Thermocline-Driven Desalination: Feasibility Study for Cape Verde, Government of Cape Verde

ANTARES was under contract to the Republic of Cape Verde to conduct a detailed feasibility study of a novel, renewable energy-augmented desalination technology. Cape Verde is a nation of nine inhabited islands off the northeast coast of Africa. Similar to the Sahel region, it is afflicted by the ongoing African drought. Cape Verde currently desalinates seawater using technologies which rely on fuel oil for energy input.

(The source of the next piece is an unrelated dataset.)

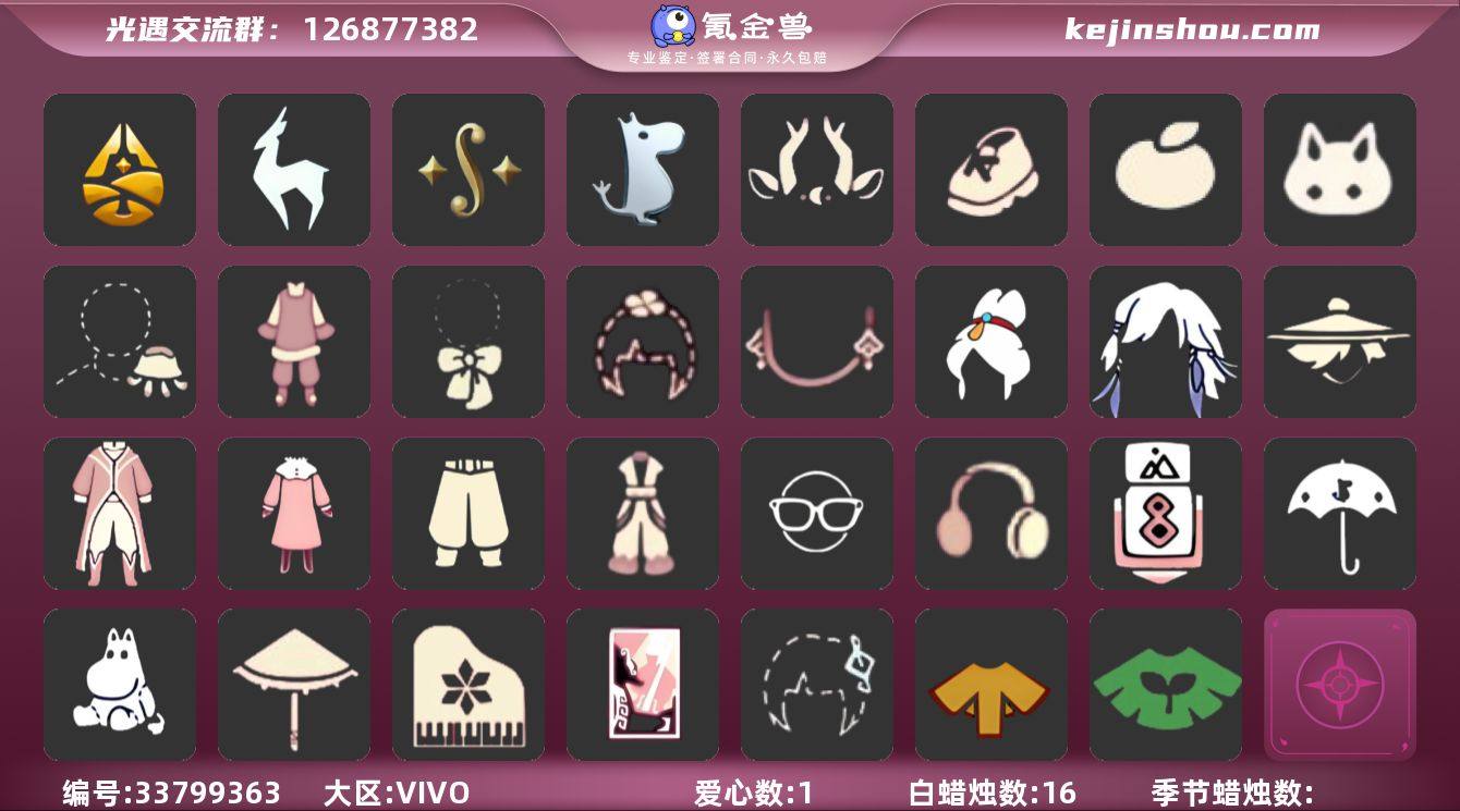 账号类型: 手机账号 季节已毕业: 归巢季,九色鹿季,二重奏季,姆明季 完成地图: 霞谷 珍稀物品: 彩虹围巾 礼包: 九色鹿角,运动鞋,橘子,兔子,水母,新年裤,蝴蝶结,四叶草,新年耳钉 裤子: 武士裤,妮妮裙子,飞天裤,青鸟尊贵蓬头裤子 面饰: 红耳机,黑框眼镜 发型: 归巢毕业发型,若笠,飞天盘发 头饰: 蓝色音乐会 斗篷: 黄色蓑衣,绿芽 配饰: 雨伞,高音钢琴,姆明抱枕,小红伞,相机,二重奏挂画 亮点: 【优质装备】:武士裤,青鸟尊贵蓬头裤子(蓝色燕尾服),归巢毕业发型(五塑彩羽发),高音钢琴(白色高脚钢琴),姆明抱枕,相机(季卡相机),归巢季,飞天裤(柔缎花边连)(九色鹿丝带裤),九色鹿角(神鹿祝福头饰)(神鹿祝福礼包),霞谷,若笠(箬笠),妮妮裙子(妮妮长裙),小红伞(姆明红伞)(姆明大伞),彩虹围巾(五塑彩带斗),九色鹿(九色鹿季),二重奏季,二重奏挂画(合奏挂画),姆明季,黑框眼镜(粗框眼镜),飞天盘发(九色鹿丸子头),红耳机,新年裤(瑞气服饰),运动鞋(跃动跑鞋),蝴蝶结(大蝴蝶结),兔子(玉兔头饰)(玉兔发饰)(兔子发饰),水母(水母肩饰),新年耳钉(金鳞耳饰),橘子(大橘大利),四叶草(四叶草头饰)

The Thermocline-Driven Desalination (TDD) system is based on using the temperature difference between the surface and subsurface waters of the deep ocean and a unique multistage flash evaporator system with non-condensible gas extraction.

ANTARES initial prefeasibility study supported by the U.S. Agency for International Development (USAID) indicated that the TDD system could provide a more cost-effective supply of potable water as well as reduce national oil imports required by the current mechanical vapor compression desalination systems. The feasibility study was built on the prefeasibility study and detailed the system for a site near the national capital of Praia on the island of Santiago. The TDD system has the additional benefit of providing some spin-off industrial and commercial activity from the deep-ocean cold water that is pumped as part of the process. This water can be used to provide space conditioning, a cold water source for cold-root agriculture, and nutrient-rich, pathogen-free sea water for land-based mariculture.